The Impact Of Coronavirus On The Healthcare Industry

News about a deadly virus that appeared in Wuhan, China in December 2019 (now called “coronavirus disease 2019”, or “COVID-19”) is everywhere as the number of cases rises.

As of February 23, there have been 35 confirmed cases in the United States, according to the World Health Organization (WHO). And it is not even known how many people are infected.

More cases in the U.S. are likely to be identified in the coming days, and providers and hospitals may not know exactly how to react to the new challenges. There is no vaccine to protect against COVID-19 and no medications approved to treat it.

“On January 30, 2020, the International Health Regulations Emergency Committee of the World Health Organization declared the outbreak a “public health emergency of international concern” (PHEIC). On January 31, 2020, Health and Human Services Secretary Alex M. Azar II declared a public health emergency (PHE) for the United States to aid the nation’s healthcare community in responding to COVID-19.”

(source: https://www.cdc.gov/coronavirus/2019-nCoV/summary.html)

Healthcare IT vendors are updating their software to better identify patterns and potential signs of problems. Vendors such as Epic, Athenahealth and intersystems are rolling out software updates to help providers better detect and monitor potential cases.

“Epic has updated its standard travel screening questionnaire to identify possible cases, drawing on coronavirus guidance from the Centers for Disease Control and Prevention.
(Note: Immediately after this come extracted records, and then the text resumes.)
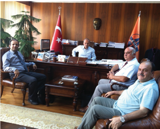
Karayolları Genel Müdürlüğü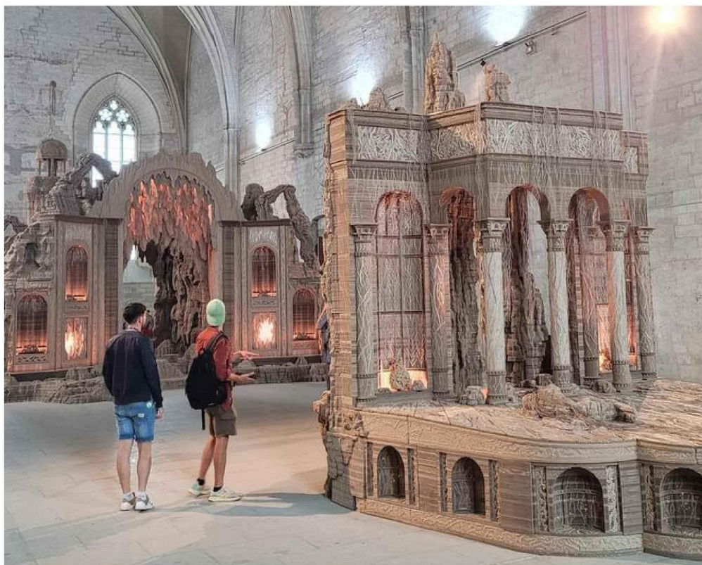
Trois sculptures monumentales en carton attendent le public dans la Grande Chapelle.

Comme ces broderies étaient très abîmées, à certains endroits, les fils laissent apparaître le dessin en dessous. Cela m'a donné l'idée de travailler sur le lien entre le dessin et le fil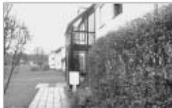
Isen 3 Zimmer

Schicke Wohnung mit Ausbaumöglichkeit. 3 Zimmer – ca. 83 m² Wohnfläche. Parkett-, Fliesen- und Korkböden. Bad mit Fenster. Einbauküche, großzügiger Wohn-Essbereich, 2 Südbalkone, Kellerabteil und Garage, allgem. Wasch- und Trockenraum. Frei nach Vereinbarung. Haus- und Nebenkosten 235,- €.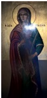
Αγία Μαρίνα - Ιερός Ναός Ευαγγελιστρίας Τήνου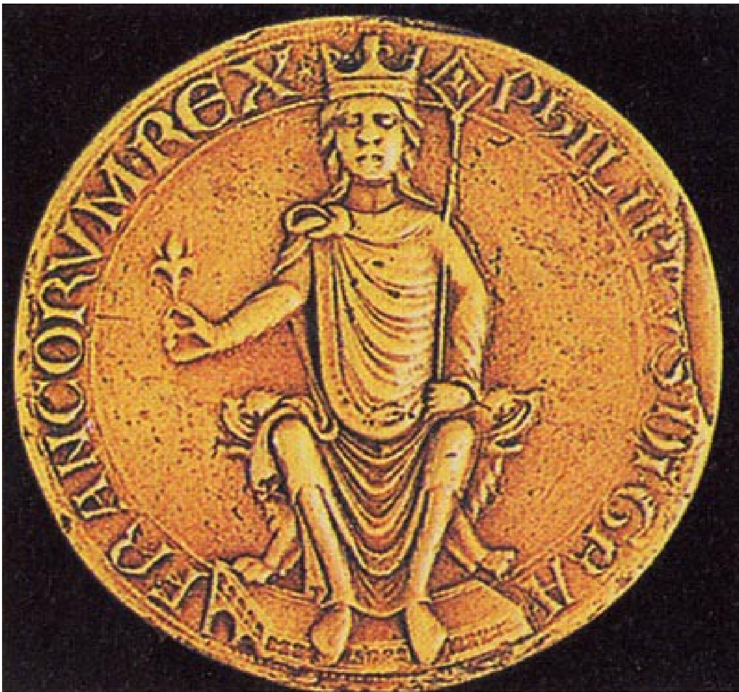
Document 7 : Sceau de Philippe Auguste (1165- 1223)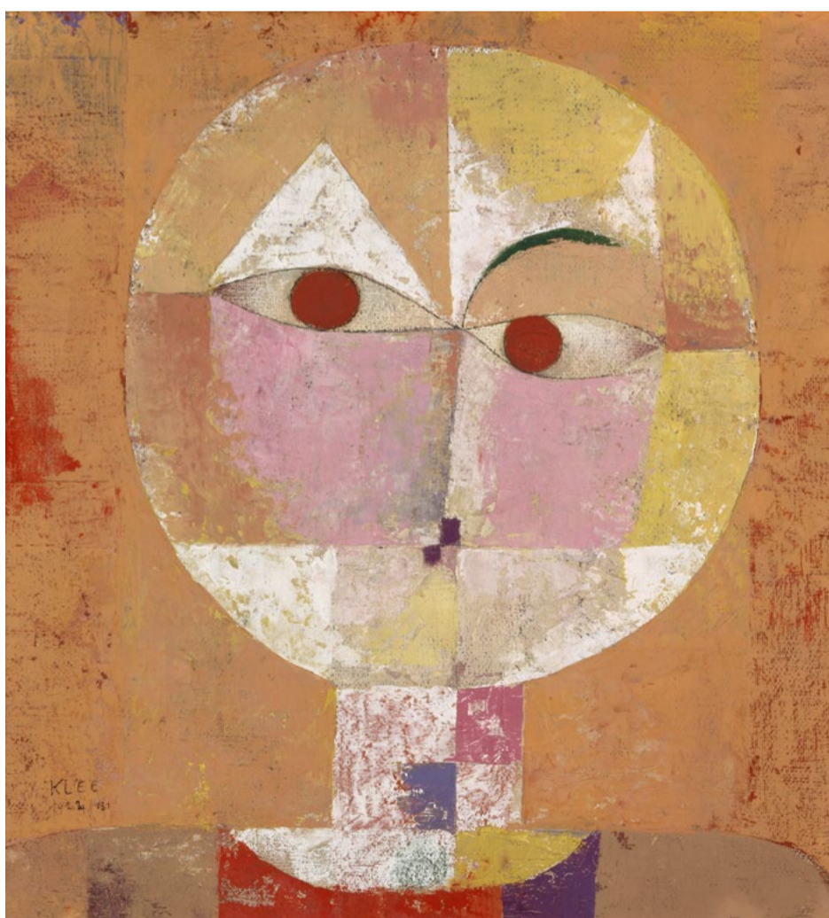
Paul KLEE, Senecio (bientôt vieillard), 1922 Huile sur fond de craie sur gaze sur carton, cadre jaune d'origine. 40,3 x 37,4 cm Kunstmuseum Basel Copyright: Bilddaten gemeinfrei - Kunstmuseum Basel Creditline: Kunstmuseum Basel, Ankauf Photo Credit: Martin P. Bühler

Der Künstler verwendet hauptsächlich warme Farben. Die Farben sind in Zonen organisiert, wodurch ein Gittereffekt im Gesicht entsteht, der die Unausgeglichenheit des Blicks betont.

The goal: to ensure clinicians and other frontline medical staff ask patients about recent international travel and relevant symptoms that could prompt isolation precautions.”
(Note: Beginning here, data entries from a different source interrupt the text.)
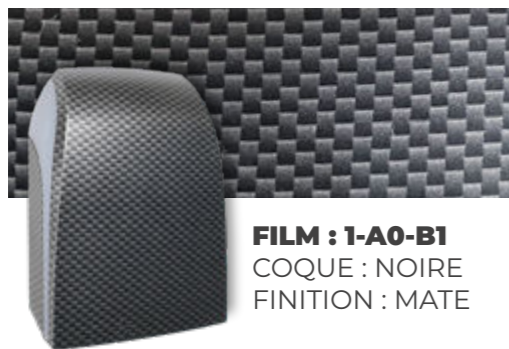
FILM : 1-A0-B1 COQUE : NOIRE FINITION : MATE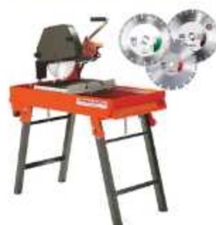
SERRA PARA BLOCOS

Aplicação: Corte de blocos de concreto em obras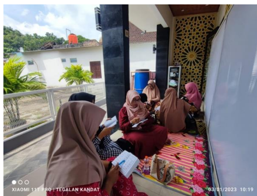
(Dokumentasi Kegiatan BMQ Majelis Taklim Al-Mustajab)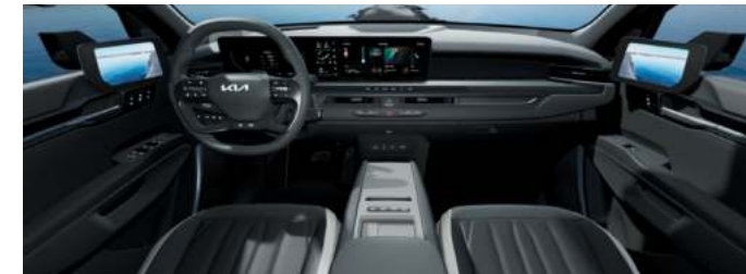
Environnement intérieur cuir végétal artificiel GT-line Noir Abysses / Gris Ecume

(source: https://healthtechmagazine.net/article/2020/02/5-ways-healthcare-tech-helping-tackle-coronavirus )

Unfortunately, cyber criminals are using the coronavirus as an opportunity to launch emailed-based cyber-attacks, according to security specialist Proofpoint.
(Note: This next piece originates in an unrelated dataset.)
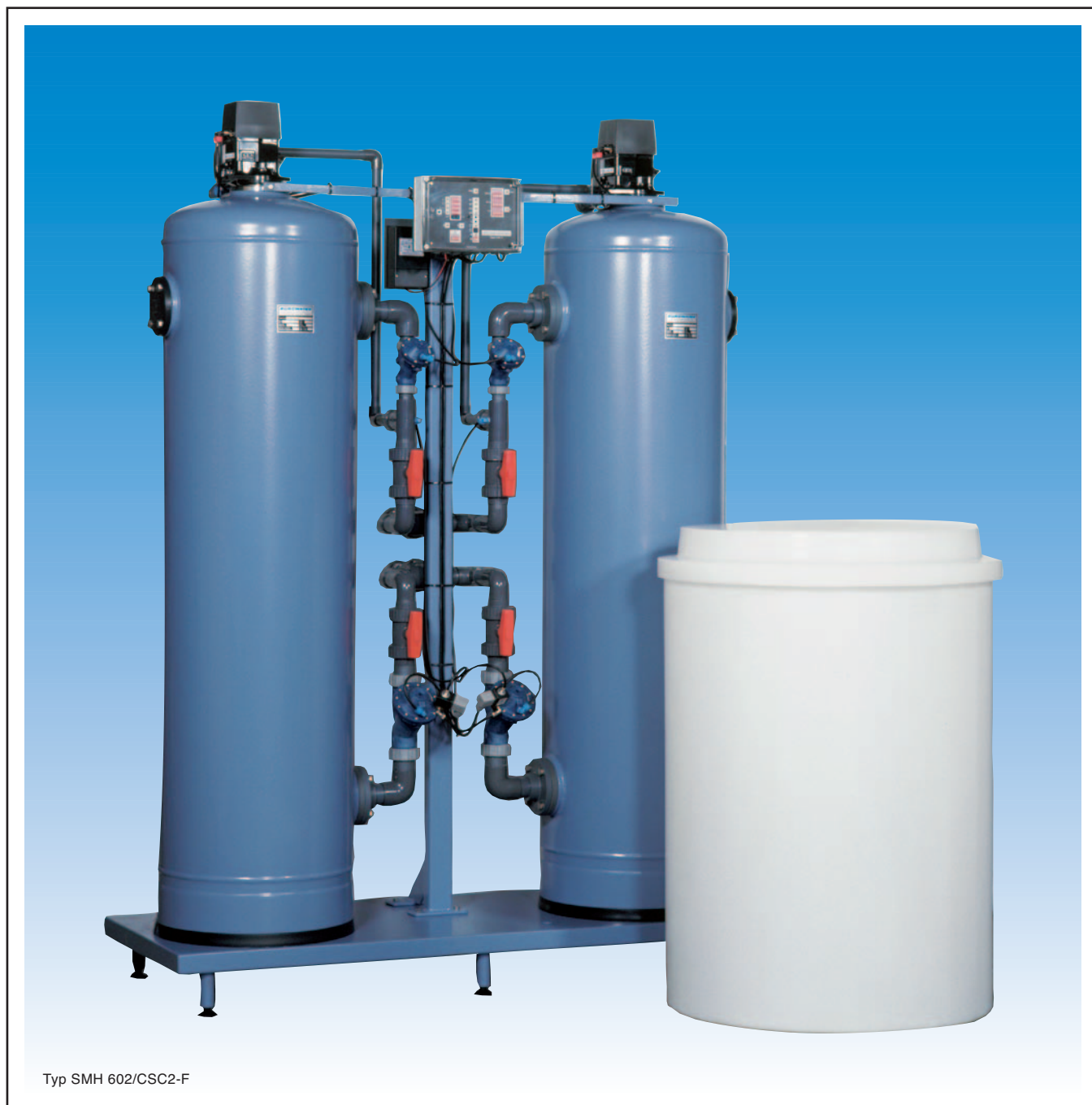
Typ SMH 602/CSC2-F

(source: https://www.healthcareitnews.com/news/coronavirus-outbreak-used-hackers-spread-malware)

Shares of American biotech firm Gilead Sciences rose 3% after an official from the WHO said that one of Gilead’s drugs is showing signs that it may be able to help treat the deadly coronavirus.

Pharmaceutical giants Johnson & Johnson and GlaxoSmithKline are also working on vaccines, as well as smaller drug companies.

(source: https://www.theatlantic.com/health/archive/2020/02/covid-vaccine/607000/)

In today’s world, data, technology and connectivity are highly advanced. Apps on our phones are leveraging the power of AI and machine learning to provide accurate, real-time insight into a wide range of health measurements. We can use remote healthcare solutions like never before. Just think about health scans at airports, allowing any suspect markers or vitals to be flagged immediately and increasing the chances of sooner treatment and a full recovery.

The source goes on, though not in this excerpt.